Five cases of gram-negative pathogens recovered from culture of the middle ear effusion were initially found to have gram-positive cocci in pairs on the gram stain. A sixth case had pneumococcal sepsis before admission with pseudomonal mastoiditis. All of these cases had received antibiotics before middle ear aspiration, which was known to severely reduce the rate of penicillin-sensitive pneumococcus recovery in acute mastoiditis. 7 These observations raise the possibility that gram-positive cocci (ie, pneumococcus) may have played a role in the pathogenesis of these cases.
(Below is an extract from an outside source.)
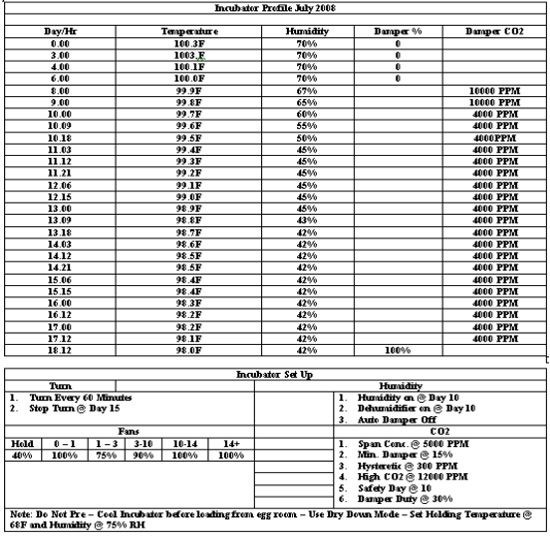 Analizando el perfil de incubación presentado arriba, vemos que la temperatura se mantiene día a día durante todo el desarrollo embrionario dentro de la zona óptima del potencial de nacimiento. La humedad relativa va en descenso y de acuerdo a la apertura del dámper, para tener una óptima pérdida de humedad utilizando lo menos posible la humedad mecánica y, mayormente, la humedad propia del huevo y los niveles de CO2, llegando hasta las 10,000 partes por millón durante los primeros 10 días y aprovechar sus beneficios previamente comentados.

Whereas pneumococcus is a known middle ear pathogen, gram-negative bacilli, like pseudomonas species, are opportunistic pathogens, causing disease only where host defenses have been violated. 8 This most commonly occurs in the middle ear as a result of cholesteatoma, tympanic membrane perforation, or a tympanostomy tube. However, pneumococcal infection may render the middle ear more susceptible to pseudomonal infection, especially when host responses to the pneumococcal infection are waning (ie, after appropriate antibiotic therapy). 9 , 10 In contrast, the middle ear is significantly less vulnerable to pseudomonas invasion during active pneumococcal infection. 9 , 10 Hence, pseudomonas would be less likely to superinfect cases of mastoiditis that have been caused by antibiotic-resistant pneumococcus.
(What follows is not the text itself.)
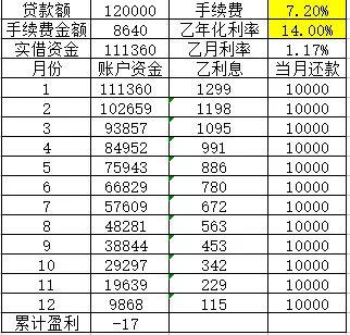 这里面的原理,是因为虽然你初始只交了4%的手续费,但是这个4800是按照你第一个月的贷款额确定的,无论是立刻付手续费,还是把这4800折算进12个月慢慢付,都无所谓了,但是后续你每个月交了1万的钱给银行,到了第6个月,你实际只占用了银行六万本金,这个时候银行依然是按照你12万的4%手续费来计算的你全年的利率,那当然明显不合理。

These postulates may be of more than casual academic interest. If intermediate levels of pneumococcal antibiotic resistance remain more common than high levels of resistance, oral antibiotics can be expected to help limit the severity of pneumococcal middle ear disease. This would likely lead to continued cases of mastoiditis caused secondary pathogens like P aeruginosa. Most cases of acute mastoiditis caused by pathogens have responded well to medical management alone (eg, none of the pseudomonas cases were coalescent). If higher levels of resistance predominate, more severe forms of pneumococcal disease are likely to be seen. These would be less likely to respond to oral or parenteral antibiotic therapy (ie, short of vancomycin), so surgical therapy may be necessary more often in the future.
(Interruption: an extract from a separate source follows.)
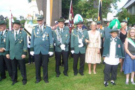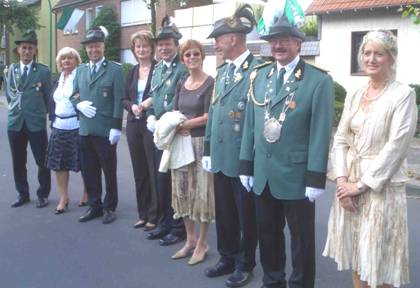 Das Waltroper Königspaar mit Adjutant neben dem Jugendschützenkönigspaar von Horneburg, dem Vors. der Schützengilde Rapen, Wolfgang Höntzsch und dem Vors. des BSV Horneburg, Lutz Breuckmann, bei dem Zapfenstreich vor der Kirche.

The lower age of our patient population, particularly those with pneumococcal mastoiditis, is also noteworthy. Harley et al 6 have recently reported and ascribed this observation to factors such as daycare attendance. Such young children are the least immunologically prepared to battle highly virulent pathogens. As the issue of antibiotic resistance increases, tympanocentesis for middle ear culture may become more valuable and more frequently used in cases of antibiotic treatment failures, so that treatment may be specifically directed. If vigilance is not maintained for potential, serious complications of acute otitis media, these children will be the most likely to have irreversible consequences.

CONCLUSIONS

The incidence of acute mastoiditis has risen significantly during the past 10 years. This appears to be the result of the emergence of pneumococcal antibiotic resistance. Younger children are at an increased risk for pneumococcal mastoiditis. All clinicians should maintain a high level of suspicion for possible intratemporal and intracranial complications resulting from acute pneumococcal otitis media.

We thank Mr Donald Sterner for assisting us with the medical record search, and Ms Amanda Garrigues for administrative support in the preparation of this manuscript.